At the same time all this was going on, Sunny defected to the Crackions with his brother, was adopted by Thundercracker, and spent a lot of time wishing to wipe humanity off the face of the planet. He's vaguely aware of something involving Section Eight, or possibly Vector Sigma, or maybe Unicron, whatever that is.

 

Sunny-mun has bowed to fate and given up on Naniwrimo, having managed to stick with it for a record-breaking seventeen days. This is all y'alls fault.

 

Profile

 

Big, yellow, short-tempered and one hell of an attention whore, Sunny can generally be found in the medbay or common room, depending on his current level of emo. He has an endless bucket of popcorn and supply of twisty straws, which he's willing to share, along with his tequila. Depending on who's around, he's either the Second Coming of Charles Bronson or a total woobie. There's a list for the second:

 

This, with the addition of Ironhide, Ratchet, and Scorponok is also the complete list of People Who Sunny Gives a Slag About. Apparently, he's got a thing for the cute ones. Mess with anyone on aforementioned list, and Sunny will introduce you to his good friends Missile and Launcher.
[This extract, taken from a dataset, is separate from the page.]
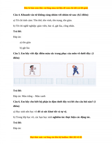 Câu 5. Em hãy viết đặc điểm màu sắc trang phục của môn võ dưới đây: (1 điểm) Trả lời: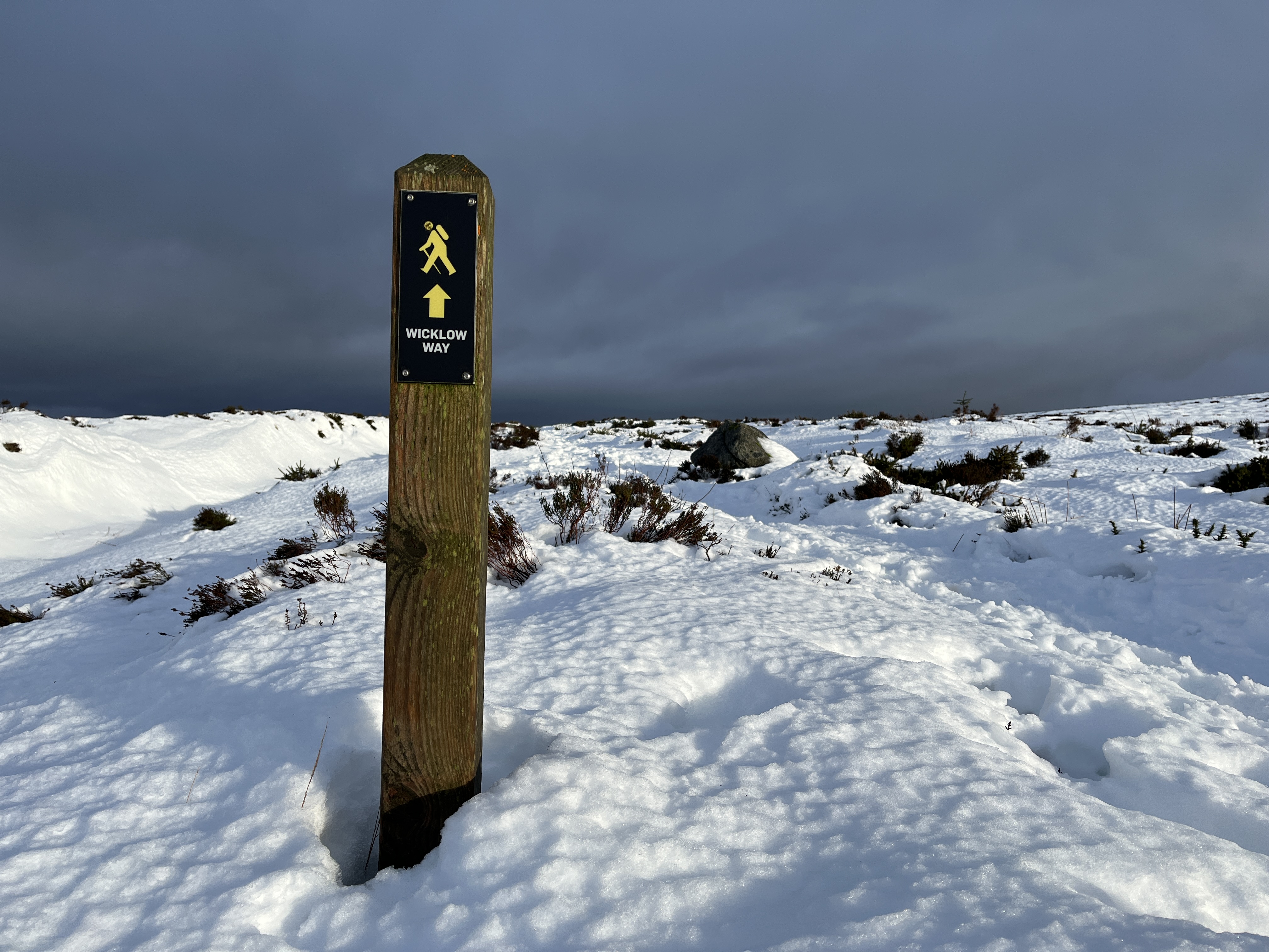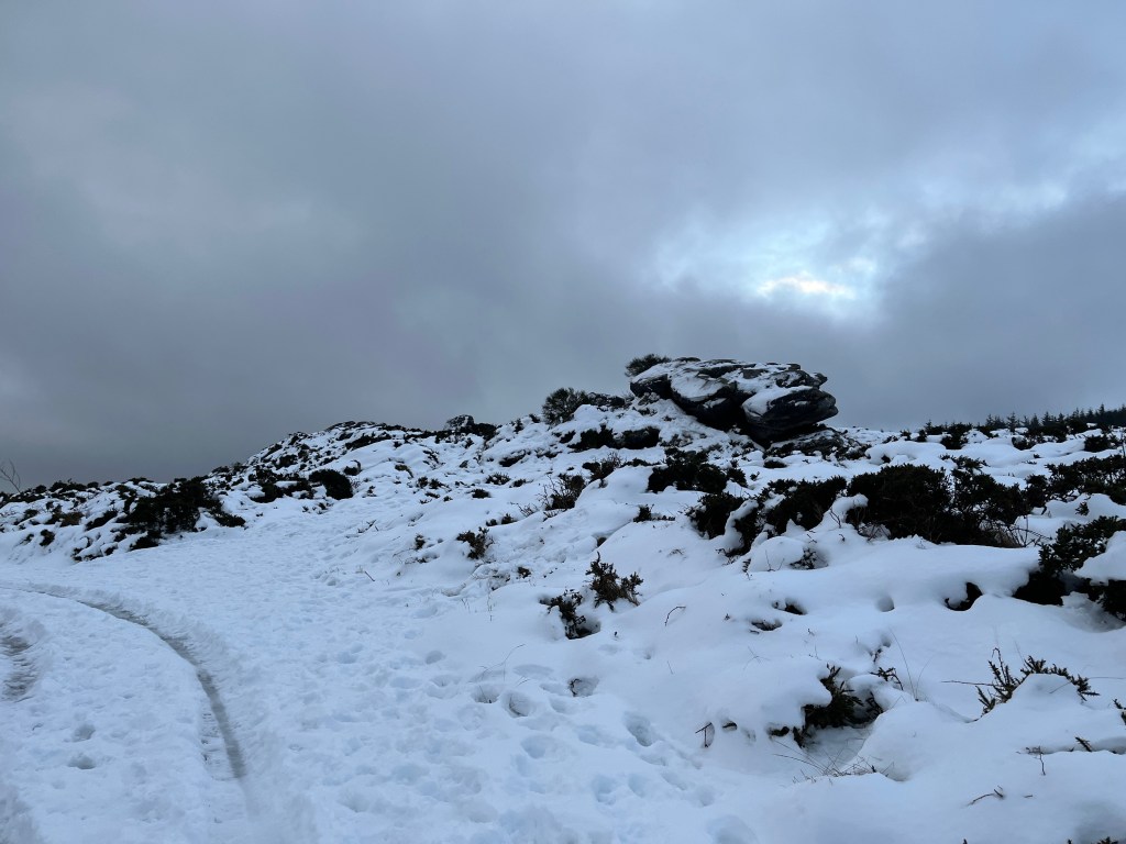 We donned our jackets and headed up towards Three Rock. Each step brought us into more snow. There was a cold wind, but not chilly; clearly the thaw has set in. As we cleared the woods and rounded the bend towards Three Rock itself, the weather was clear enough to afford a decent view over south Dublin and out into the Irish Sea. Not clear enough, alas, as the previous few days of stone cold when you could see the snow-capped mountains of Snowdonia and Yr Eifl in Wales. The latter range has been Anglicised to The Rivals, which you can see happening, in fairness, though in Welsh, it possibly means ‘the forks’. But no views today. Today we were lucky with the weather because my forecast from the aforementioned met office said rain for most of the morning. And so far, it had not rained. Hush now!

We're not quite sure what he's using for a microprocessor, but the current theroy is a Frito that Bluestreak nommed half of. He also has failed to download a dictionary file containing words of more than two syllables, which is sort of a problem.

 

There was going to be more here, but Sunny-mun has work.

 

Sunny is generally up for anything involving guns, Jet Judo, or alcohol.

 

If we were in a parallel universe, Tracks would be way, way prettier than him. I mean, have you seen those things on the side of his head? But we're not. :B

 

We can't forget Sunny's award winning strategy for avoiding conflicts... going to Mexico! If that's really an award-winning strategy, Sunny wants his medal.